Desk editor's note, referee report, simulated authors' rebuttal, and a circularity audit. Tearing a paper down is the easy half of reading it; the pith above is the substance, this is the friction.

Referee Report

2 major / 1 minor

Summary. The paper introduces the Panorama-Language Modeling (PLM) paradigm for unified 360° vision-language reasoning on equirectangular panoramas, contrasting it with stitching-based approaches that lose holistic context. It contributes the PanoVQA dataset for adverse omni-scenes (occlusions, accidents) and a plug-and-play panoramic sparse attention module that adapts existing pinhole VLMs to panoramas without retraining. The central claim is that PLM yields superior robustness and holistic reasoning, producing understanding greater than the sum of narrow-field parts.

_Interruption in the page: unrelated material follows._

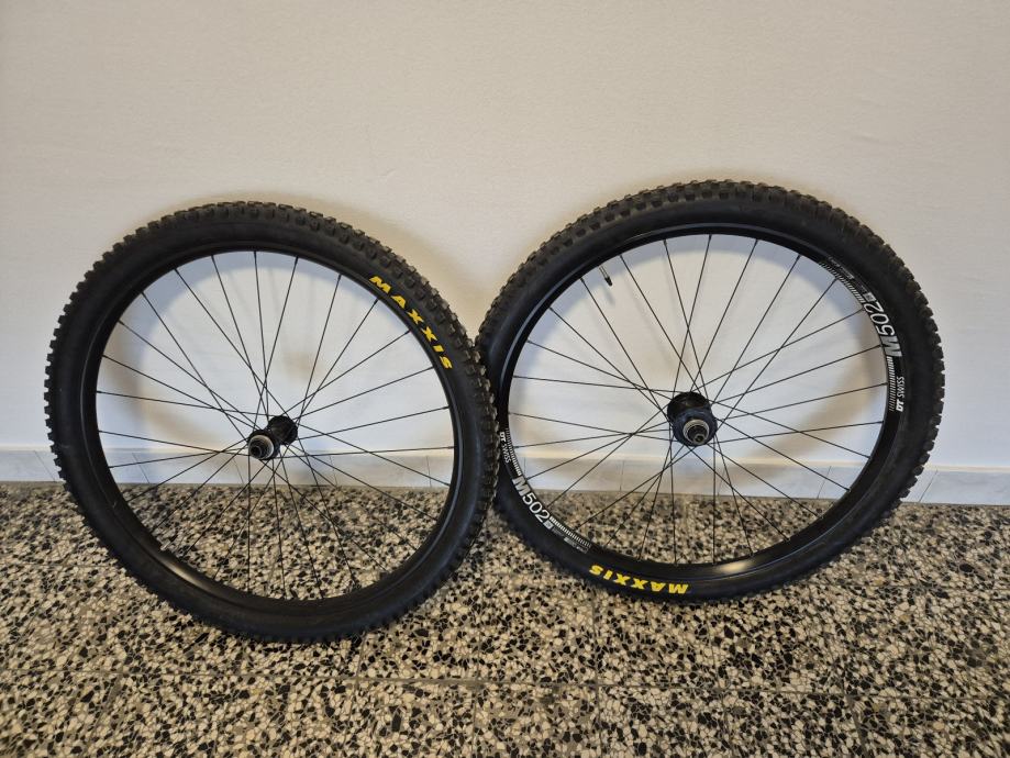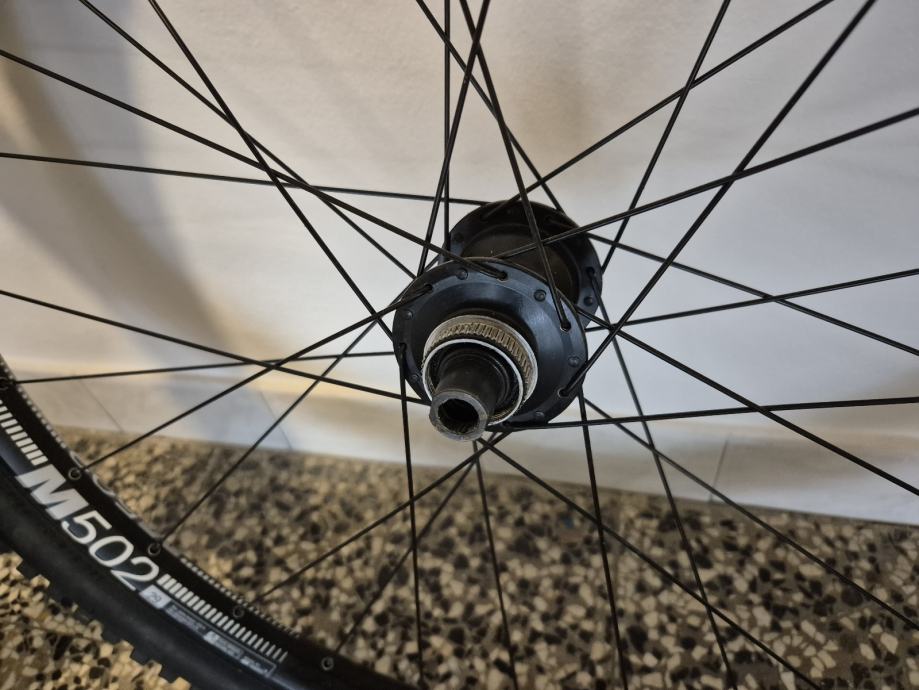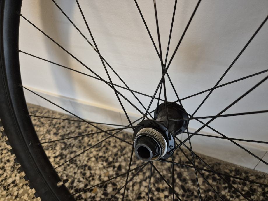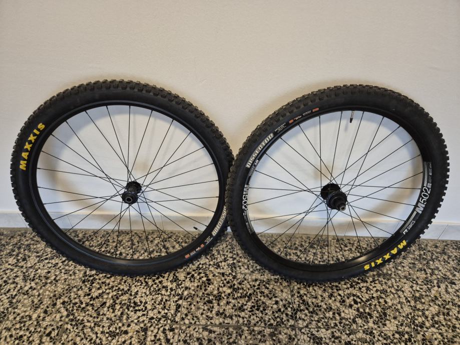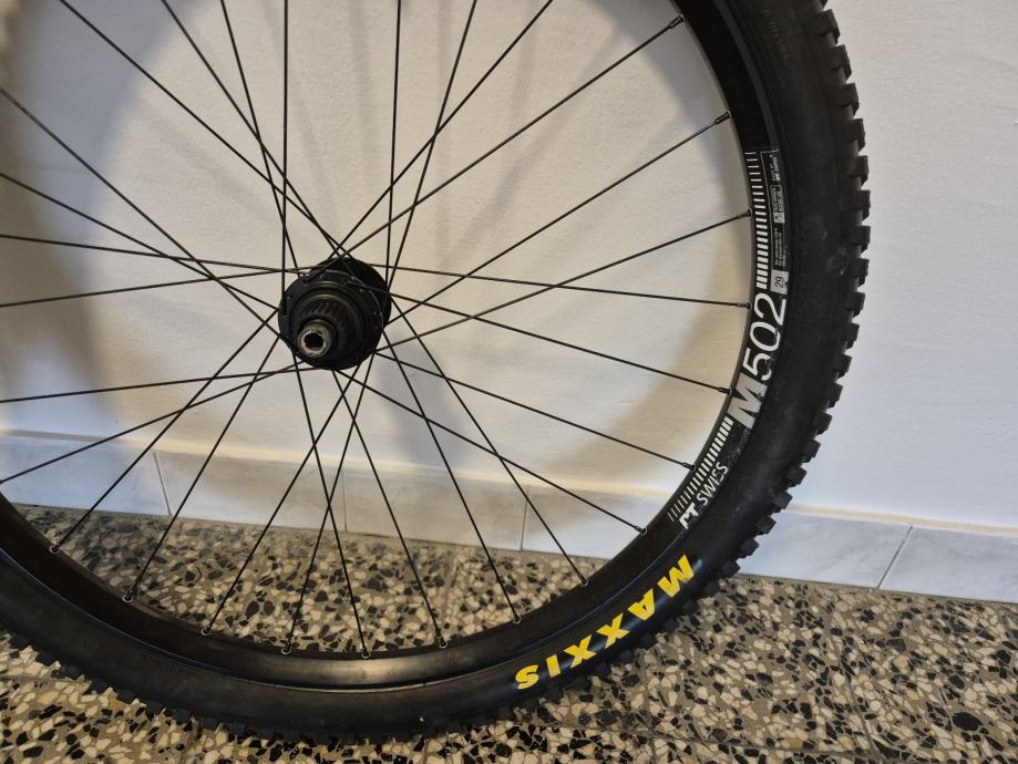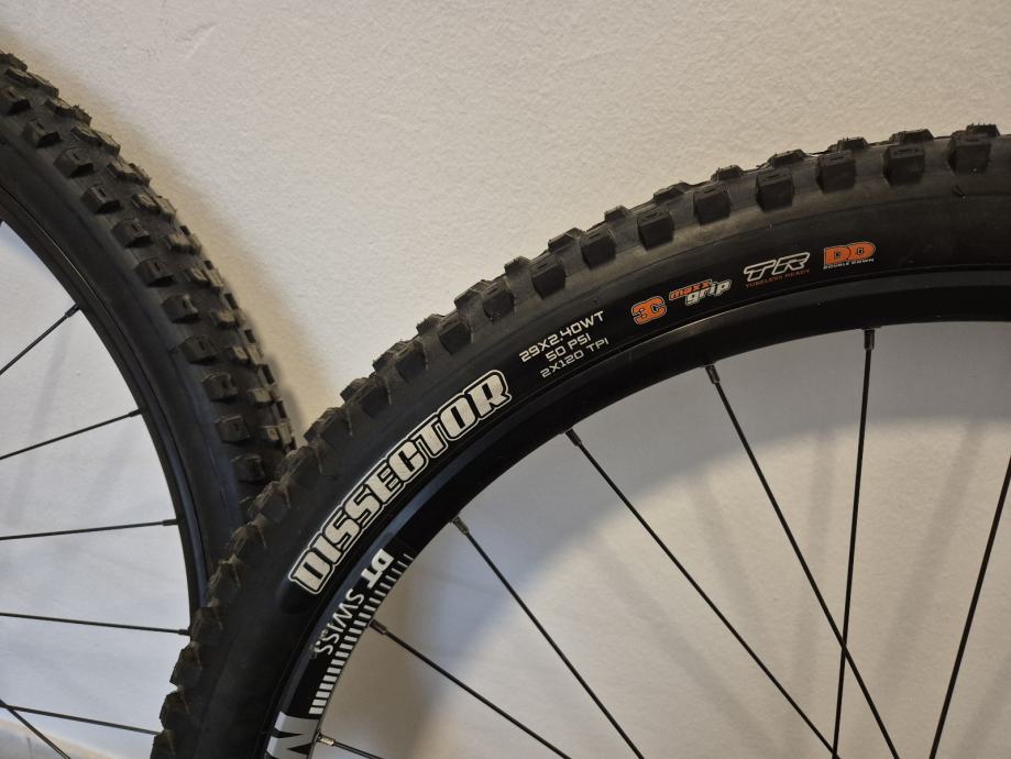 Stražnji kotač ima DT Swiss obruč, Shimano glavčina 12x148mm, centerlock disc, vanjska guma Maxxis Disector 29x2.40", unutarnja guma Joe's no flats.
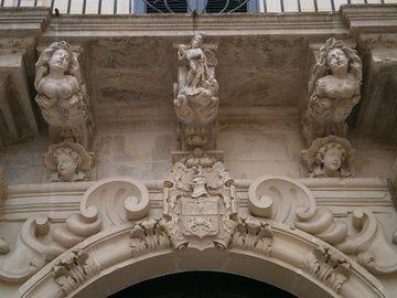 Palazzo Marrese im typischen Lecceser Barock (18. Jhdt.), Figurenkonsolen.

Significance. If the empirical claims hold, this work could advance VLM deployment in robotics, autonomous driving, and surveillance by enabling direct, context-preserving processing of 360° imagery. The PanoVQA dataset would provide a valuable benchmark for adverse conditions. The plug-and-play module, if shown to generalize without retraining, would lower barriers to adopting panoramic inputs in existing models.

major comments (2)
  1. [Abstract / Panoramic sparse attention module] Abstract and method description of the panoramic sparse attention module: the claim that this module preserves holistic spatial relationships across equirectangular distortions (non-uniform scaling near poles, periodic boundaries) without retraining is load-bearing for the central superiority assertion, yet no ablation on distortion compensation, no before/after attention connectivity analysis, and no failure cases on adverse omni-scenes are referenced. The skeptic concern that standard VLM attention patterns may not link distant elements reliably therefore remains unaddressed.
  2. [Experiments / Results] Experimental claims: the abstract states that 'extensive experiments demonstrate superior robustness' but supplies no quantitative metrics, baselines (e.g., stitched pinhole VLMs), error breakdowns by scene type (occlusion vs. accident), or tables. Without these, the 'greater than the sum' claim cannot be verified and the cross-method comparison is unsupported.
minor comments (1)
  1. [Abstract] Abstract: 'PLMparadigm' is missing a space; should read 'PLM paradigm'.

Simulated Author's Rebuttal

2 responses · 0 unresolved

We thank the referee for the constructive comments, which help clarify how to better present our contributions. We address each major point below and will revise the manuscript to strengthen the evidence for our claims.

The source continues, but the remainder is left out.